By Dan Christensen, FloridaBulldog.org
With its top leadership under indictment and its top doctors openly warning that mismanagement is affecting healthcare, Broward Health is poised to award $7.2 million in bonuses to its highest executives and managers.
Among the intended beneficiaries are two Broward Health officials who were indicted by a Broward Grand Jury in December for violating Florida’s Government-in-the-Sunshine Law: President/CEO Beverly Capasso and General Counsel Lynn Barrett.
Three members of the district’s governing board, sitting as the Human Resources Committee, voted last week to forward the proposed “management incentive plan” to the current governing board of five commissioners for consideration at its Wednesday, March 28 meeting.
Commission Chairman Rocky Rodriguez, one of those under indictment, said he wants to learn more before he’ll decide whether to support the plan. Commissioners Christopher Ure, who is also under indictment, and Steven Wellins expressed strong support for the plan.
The meeting at Broward Health’s administrative headquarters last Wednesday was videotaped and posted on YouTube by local activist and blogger Dan Lewis.
Last month, Florida Bulldog reported that Broward Health’s Unified Medical Staff Committee sent a letter to the board, Capasso and Barrett stating that doctors are “critically concerned that the alienation of physicians is affecting the delivery of health care.” The letter went on to complain about a “lack of urgency” and “shoulder shrugging” by administrators “while Broward Health roils from one crisis and controversy to another.”
Plan details
As described by Wellins, the incentive plan for this fiscal year, which ends June 30, will pay Broward Health’s top administrators bonuses equal to 17.5 percent of their salary if certain unspecified financial targets are met. The money would be paid starting in July.
“Let’s get it clear that this plan is targeted for the 300 or so leadership who are responsible for the day-to-day management and operation of the system and not the employees,” said Wellins. “This is a profit-share plan for them.”
But profit is a tricky proposition at Broward Health, a public hospital system and special taxing district whose legal name is the North Broward Hospital District. Records show the district levied $137.9 million in property taxes in 2017 and $136.7 million in 2016.
Florida Health Market Review, published by independent analyst Allan Baumgarten and released in December, reported that Broward Health’s profit, or net income, was $15.9 million in 2016. Without taxpayer dollars, such “profit” vanishes.
Next year, another $7.2 million in bonuses would be made available for administrators conditioned on their achievement of certain performance targets, Wellins said. An as-yet unwritten metrics “scorecard” would be used to measure achievement in such things as growth, quality and service.
Who benefits
A handful of Broward Health’s top executives – about 25 individuals – stand to gain the most under the plan.
CEO Capasso, for example, could earn a bonus of up to 30 percent of her annual salary, which is in excess of $650,000.
“Your leader is critical to an employee’s desire to remain at an organization. Getting the best leaders and retaining them is critical to our stability and our ability to grow,” said personnel chief Peter Nyamora, who was sitting next to Capasso.

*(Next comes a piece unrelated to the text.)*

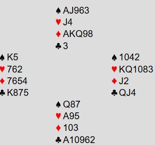Noen ganger er bridge brutalt og en kan bli ribbet for poeng uten å ha så mye å gjøre med det. Her er et spill fra starten av mix-finalen. Du får prøve deg med vest sine kort: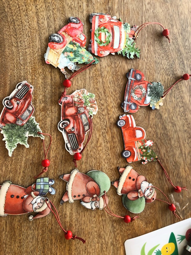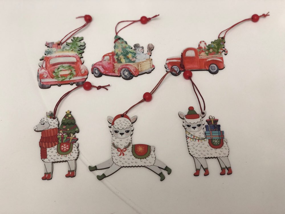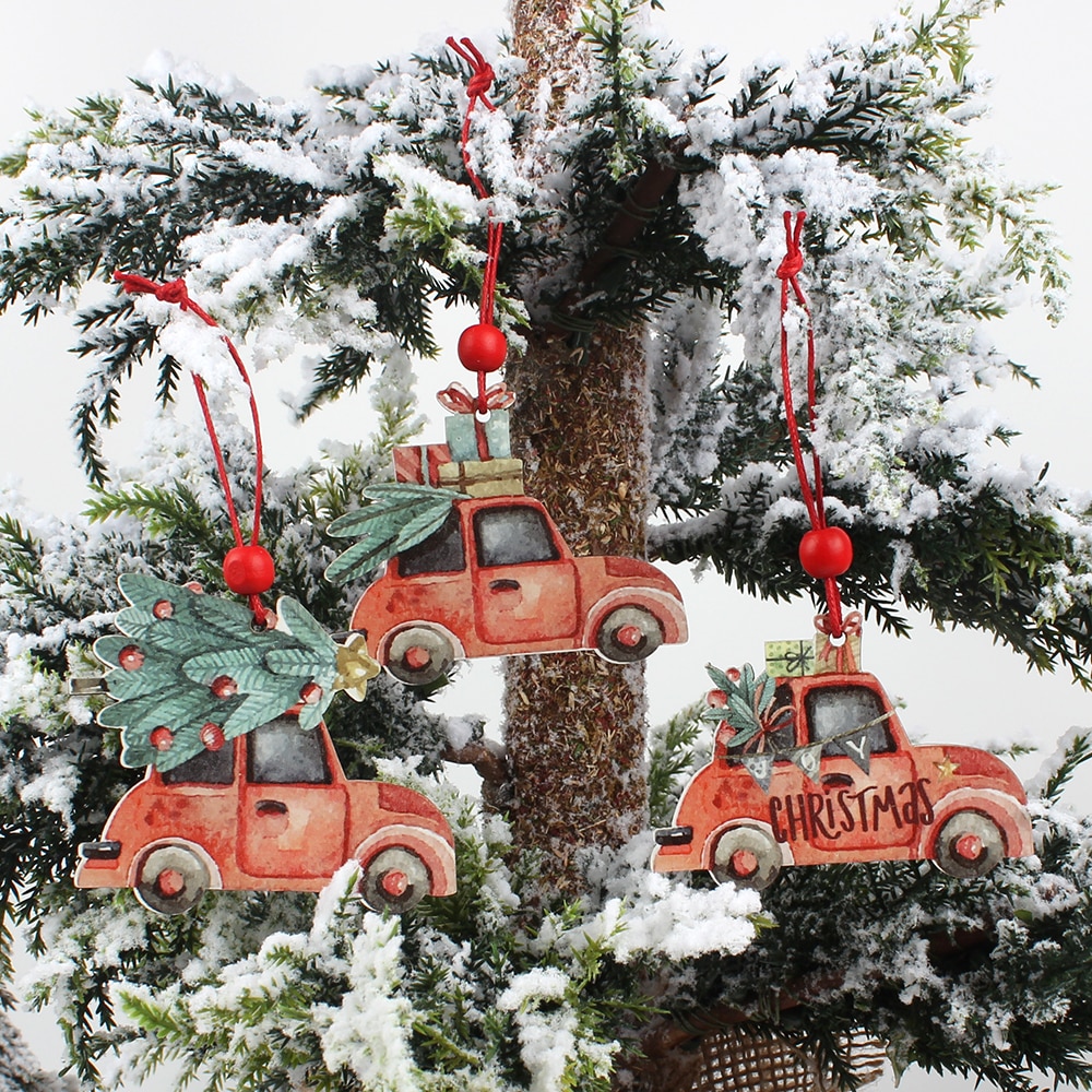 3Pcs Christmas Truck wooden Pendants Ornaments for Christmas tree

Broward Health’s so-called Tier 2 employees, said to be about 280 directors, department heads and hospital managers, would be eligible to receive up to 15 percent based on their scorecards.
After laying out the proposal, Wellins sought to put the matter on the commissioner’s consent agenda, meaning there would be no further public discussion about it before a vote. But Commissioner Rodriguez nixed that idea, saying he cannot endorse the incentive plan without more information.
Instead, the matter will be discussed at the upcoming meeting.